It was a long time before the commercial possibilities of exotic timber trees were fully realised, and yet radiata had many obvious advantages. It grows straight, grows rapidly, is easy to handle, grows well in plantations, is adaptable to most New Zealand conditions, and produces a wood that is remarkably versatile.
The New Zealand timber industry was, of course, firmly based on the kauri tree, right from the time in 1772 when du Fresne's men laboriously hauled one huge tree-trunk out of the Bay of Islands bush. Cook wrote glowing reports about the great length of the trees, growing ' . . . straight as an arrow and taper'd very little in proportion to length . . . ,' so that when Britain lost its main source of timber for shipbuilding—its American colonies—Cook's reports came immediately to the minds at the Admiralty. A proposal was submitted to the British Government in August 1783, saying,'... It may be seen by Captain Cook's voyage that New Zealand is covered with timber of size and every quality that indicates long duration; it grows close to the water's edge and may be easily obtained.'
The first shipment of timber from New Zealand was collected by the brig Nancy in October 1794. The ship brought in a good supply of saws, both crosscut and pitsaws, and future expeditions found that Maori labour could readily be hired for the promise of a few axes. In fact Maori appreciation of this European tool was so great that tree-felling gangs had to have bodyguards, as Maoris would rush at them from the undergrowth, knock them all over, and rush off with their axes. In the end one of the captains, Captain Wilson of the Royal Admiral, held two local chiefs hostage, guarded by a band of 30 men armed with muskets and cutlasses, until most of the stolen implements had been returned.

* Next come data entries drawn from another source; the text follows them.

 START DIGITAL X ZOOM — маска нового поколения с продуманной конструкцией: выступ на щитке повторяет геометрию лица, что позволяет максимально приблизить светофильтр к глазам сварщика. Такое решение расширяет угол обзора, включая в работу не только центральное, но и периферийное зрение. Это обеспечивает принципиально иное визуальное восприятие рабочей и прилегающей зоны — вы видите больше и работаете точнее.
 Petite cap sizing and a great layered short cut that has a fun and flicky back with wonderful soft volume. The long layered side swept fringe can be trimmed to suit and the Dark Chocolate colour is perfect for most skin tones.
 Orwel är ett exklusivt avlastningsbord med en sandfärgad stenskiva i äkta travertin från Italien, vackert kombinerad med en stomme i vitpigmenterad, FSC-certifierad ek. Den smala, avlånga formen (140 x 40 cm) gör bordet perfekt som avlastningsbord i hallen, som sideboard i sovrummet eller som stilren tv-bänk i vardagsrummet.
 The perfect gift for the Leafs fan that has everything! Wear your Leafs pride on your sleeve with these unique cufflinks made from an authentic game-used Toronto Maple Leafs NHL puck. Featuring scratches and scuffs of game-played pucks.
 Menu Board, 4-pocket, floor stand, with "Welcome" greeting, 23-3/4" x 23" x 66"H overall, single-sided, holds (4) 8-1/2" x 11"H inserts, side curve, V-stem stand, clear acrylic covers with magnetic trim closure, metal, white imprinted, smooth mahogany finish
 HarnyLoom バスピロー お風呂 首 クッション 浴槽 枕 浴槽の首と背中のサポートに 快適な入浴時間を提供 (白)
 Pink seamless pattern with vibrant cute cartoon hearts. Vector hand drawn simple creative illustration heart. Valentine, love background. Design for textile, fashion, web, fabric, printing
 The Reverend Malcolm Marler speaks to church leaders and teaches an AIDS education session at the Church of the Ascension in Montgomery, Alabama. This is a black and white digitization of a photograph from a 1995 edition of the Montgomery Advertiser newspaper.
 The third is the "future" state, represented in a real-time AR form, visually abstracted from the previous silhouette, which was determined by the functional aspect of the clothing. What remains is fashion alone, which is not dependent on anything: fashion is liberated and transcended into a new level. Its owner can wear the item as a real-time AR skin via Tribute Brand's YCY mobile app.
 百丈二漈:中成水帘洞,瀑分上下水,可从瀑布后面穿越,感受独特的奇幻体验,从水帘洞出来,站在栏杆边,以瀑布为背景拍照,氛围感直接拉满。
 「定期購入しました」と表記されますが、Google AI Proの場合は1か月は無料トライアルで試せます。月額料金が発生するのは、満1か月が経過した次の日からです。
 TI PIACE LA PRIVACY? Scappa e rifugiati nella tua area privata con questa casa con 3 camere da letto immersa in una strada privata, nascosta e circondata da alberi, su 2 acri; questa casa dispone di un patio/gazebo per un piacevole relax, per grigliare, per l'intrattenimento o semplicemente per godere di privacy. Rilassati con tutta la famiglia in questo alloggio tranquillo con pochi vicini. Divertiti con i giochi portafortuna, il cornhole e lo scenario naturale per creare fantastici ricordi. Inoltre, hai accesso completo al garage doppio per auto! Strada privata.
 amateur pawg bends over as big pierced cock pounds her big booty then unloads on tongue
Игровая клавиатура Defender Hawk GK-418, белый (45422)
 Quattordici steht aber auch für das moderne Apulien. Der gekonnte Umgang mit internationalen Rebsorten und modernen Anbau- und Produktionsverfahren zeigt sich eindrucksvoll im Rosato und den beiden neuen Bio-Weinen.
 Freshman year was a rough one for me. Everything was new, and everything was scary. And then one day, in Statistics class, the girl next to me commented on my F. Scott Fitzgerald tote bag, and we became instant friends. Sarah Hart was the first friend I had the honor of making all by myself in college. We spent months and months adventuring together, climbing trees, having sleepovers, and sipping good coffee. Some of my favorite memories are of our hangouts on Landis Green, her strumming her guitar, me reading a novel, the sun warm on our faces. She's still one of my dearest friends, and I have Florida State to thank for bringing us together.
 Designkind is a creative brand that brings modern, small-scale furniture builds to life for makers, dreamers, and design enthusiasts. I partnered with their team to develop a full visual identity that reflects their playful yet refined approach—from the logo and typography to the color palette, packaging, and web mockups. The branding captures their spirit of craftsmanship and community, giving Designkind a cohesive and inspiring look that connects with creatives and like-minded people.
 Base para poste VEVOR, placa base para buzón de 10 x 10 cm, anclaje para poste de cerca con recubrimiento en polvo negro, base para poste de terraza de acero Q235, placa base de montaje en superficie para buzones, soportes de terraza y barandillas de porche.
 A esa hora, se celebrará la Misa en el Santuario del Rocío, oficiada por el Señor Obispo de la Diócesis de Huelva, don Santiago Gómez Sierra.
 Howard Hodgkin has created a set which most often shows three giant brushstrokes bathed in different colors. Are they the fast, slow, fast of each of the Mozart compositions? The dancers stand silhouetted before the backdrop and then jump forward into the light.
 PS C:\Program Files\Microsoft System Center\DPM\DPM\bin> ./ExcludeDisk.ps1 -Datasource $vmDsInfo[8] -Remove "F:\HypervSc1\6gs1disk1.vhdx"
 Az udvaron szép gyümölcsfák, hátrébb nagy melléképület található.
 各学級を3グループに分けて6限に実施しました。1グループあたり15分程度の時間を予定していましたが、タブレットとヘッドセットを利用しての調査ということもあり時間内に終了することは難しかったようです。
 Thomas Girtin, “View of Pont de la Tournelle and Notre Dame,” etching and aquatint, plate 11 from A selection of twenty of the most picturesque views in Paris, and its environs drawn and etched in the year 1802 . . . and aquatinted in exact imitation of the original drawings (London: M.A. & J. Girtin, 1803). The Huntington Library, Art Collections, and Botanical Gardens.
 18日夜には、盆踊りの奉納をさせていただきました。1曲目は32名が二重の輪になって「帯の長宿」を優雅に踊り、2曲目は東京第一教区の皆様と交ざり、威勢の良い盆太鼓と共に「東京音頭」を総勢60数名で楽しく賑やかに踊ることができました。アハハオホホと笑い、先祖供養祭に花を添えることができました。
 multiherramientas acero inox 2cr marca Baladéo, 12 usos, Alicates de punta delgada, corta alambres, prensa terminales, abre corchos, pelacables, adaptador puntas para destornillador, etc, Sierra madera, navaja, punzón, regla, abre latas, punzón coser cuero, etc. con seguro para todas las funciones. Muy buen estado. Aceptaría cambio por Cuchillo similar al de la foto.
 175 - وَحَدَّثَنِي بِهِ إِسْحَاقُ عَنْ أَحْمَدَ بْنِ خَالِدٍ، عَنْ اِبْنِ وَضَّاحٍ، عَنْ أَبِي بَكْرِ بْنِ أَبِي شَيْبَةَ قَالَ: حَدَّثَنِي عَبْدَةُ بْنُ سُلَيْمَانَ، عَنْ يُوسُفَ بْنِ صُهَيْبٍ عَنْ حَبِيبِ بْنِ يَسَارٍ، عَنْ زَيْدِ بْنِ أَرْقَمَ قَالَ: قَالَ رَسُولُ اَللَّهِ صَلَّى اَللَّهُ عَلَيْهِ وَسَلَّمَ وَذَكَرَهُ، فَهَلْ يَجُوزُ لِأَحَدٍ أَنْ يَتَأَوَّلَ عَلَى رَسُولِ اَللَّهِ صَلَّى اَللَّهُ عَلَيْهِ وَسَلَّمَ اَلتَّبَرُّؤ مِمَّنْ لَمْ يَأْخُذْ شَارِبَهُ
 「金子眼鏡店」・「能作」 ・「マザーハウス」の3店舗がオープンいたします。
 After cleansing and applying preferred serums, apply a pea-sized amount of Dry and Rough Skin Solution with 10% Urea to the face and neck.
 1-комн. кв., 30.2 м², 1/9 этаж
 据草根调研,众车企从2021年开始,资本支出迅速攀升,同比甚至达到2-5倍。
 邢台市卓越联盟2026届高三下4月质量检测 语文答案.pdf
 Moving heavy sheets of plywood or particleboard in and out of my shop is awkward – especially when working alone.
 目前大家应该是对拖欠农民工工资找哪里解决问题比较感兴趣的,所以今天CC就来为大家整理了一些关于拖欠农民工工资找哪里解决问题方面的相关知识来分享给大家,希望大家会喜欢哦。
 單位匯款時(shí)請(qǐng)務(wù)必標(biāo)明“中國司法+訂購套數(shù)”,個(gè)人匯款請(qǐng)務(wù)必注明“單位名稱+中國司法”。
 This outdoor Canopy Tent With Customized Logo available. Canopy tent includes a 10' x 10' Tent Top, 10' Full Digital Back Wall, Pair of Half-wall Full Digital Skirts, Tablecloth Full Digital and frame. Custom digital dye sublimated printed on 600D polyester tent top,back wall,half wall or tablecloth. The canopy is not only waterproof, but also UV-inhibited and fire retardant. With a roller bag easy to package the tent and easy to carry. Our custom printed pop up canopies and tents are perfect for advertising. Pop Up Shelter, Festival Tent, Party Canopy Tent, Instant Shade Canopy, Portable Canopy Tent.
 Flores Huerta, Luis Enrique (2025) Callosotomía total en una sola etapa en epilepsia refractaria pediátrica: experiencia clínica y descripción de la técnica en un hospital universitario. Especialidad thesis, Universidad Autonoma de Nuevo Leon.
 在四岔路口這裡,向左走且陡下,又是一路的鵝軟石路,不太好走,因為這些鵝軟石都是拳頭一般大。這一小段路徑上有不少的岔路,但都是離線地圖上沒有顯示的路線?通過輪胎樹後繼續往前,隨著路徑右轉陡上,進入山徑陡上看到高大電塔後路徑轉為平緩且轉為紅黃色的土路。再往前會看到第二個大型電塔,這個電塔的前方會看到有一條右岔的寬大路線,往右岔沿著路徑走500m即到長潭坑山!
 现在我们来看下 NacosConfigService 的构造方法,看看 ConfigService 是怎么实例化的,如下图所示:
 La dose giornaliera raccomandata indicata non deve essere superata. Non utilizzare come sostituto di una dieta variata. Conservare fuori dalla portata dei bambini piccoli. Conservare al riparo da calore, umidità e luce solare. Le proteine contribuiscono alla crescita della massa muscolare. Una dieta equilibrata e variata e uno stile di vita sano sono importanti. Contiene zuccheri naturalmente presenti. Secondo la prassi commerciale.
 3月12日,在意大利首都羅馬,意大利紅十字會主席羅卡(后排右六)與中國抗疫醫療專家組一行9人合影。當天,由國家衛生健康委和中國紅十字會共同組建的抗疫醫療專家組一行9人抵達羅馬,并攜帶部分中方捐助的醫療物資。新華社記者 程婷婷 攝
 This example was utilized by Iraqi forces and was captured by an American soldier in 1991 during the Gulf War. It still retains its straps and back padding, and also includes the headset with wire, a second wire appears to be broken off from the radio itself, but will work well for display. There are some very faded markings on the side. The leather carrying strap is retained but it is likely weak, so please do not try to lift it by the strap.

Captain Cruise wrote in 1823 that of the Maori people he saw, there wasn't'... an axeman in the ship who could rival them ...' in the felling of a tree. In 1832, another writer of the time, Earle, commented on the keen interest the Maoris took in the budding timber industry. It is interesting to note that this was the first major activity where Maori and pakeha worked side by side in amity, a situation that continues in the timber industry to this day.
New Zealand timber came into demand for more than shipbuilding. Whalers and sealers, and then early settlers, wanted it for the building of their houses. With the large number of pigs, from the animals originally released by Captain Cook, being killed for food, timber was needed for the making of pork chests for the salt meat. The missionaries also had a part to play in the establishment of the timber industry. The expenses of travel had to be recouped in some way, so ships carrying missionaries from Australia to the Bay of Islands returned with cargoes of wood. Indeed, the first missionary settlement at Rangihoua included as its members two sawyers and a smith. The cattle that the missionaries brought with them were also important, as they were the pioneers of the many hundreds of bullock teams used for hauling timber out of the bush.
The timber industry was also responsible for the acclimatisation of some north European settlers. Scandinavians, coming from a background of generations of utilising timber and working in the silent Baltic forests, came to the new country and applied their skills with determination. In 1905 there were almost 30 mills around Dannevirke ('Dane' town), and Norsewood was also the centre of considerable milling activity. A group of Norwegians who were probably the first of their nationality in this country settled at Awapuni, near Palmerston North. They landed at Foxton, and the men walked all the way to their bush sections. Later they built a bush tramway, which, in 1876, became the railway connecting Palmerston North and Foxton.
Bush tramways were a common sight in the stands of native timber. Bullock teams were used to haul bogies of logs along the rails. Otherwise logs were transported by water, tied into rough rafts and then drifting to their destination. In less rapidly flowing rivers kauri dams were built, and held back the water until the rafts were ready, the water then being released to give the timber its first impetus and send it on its way.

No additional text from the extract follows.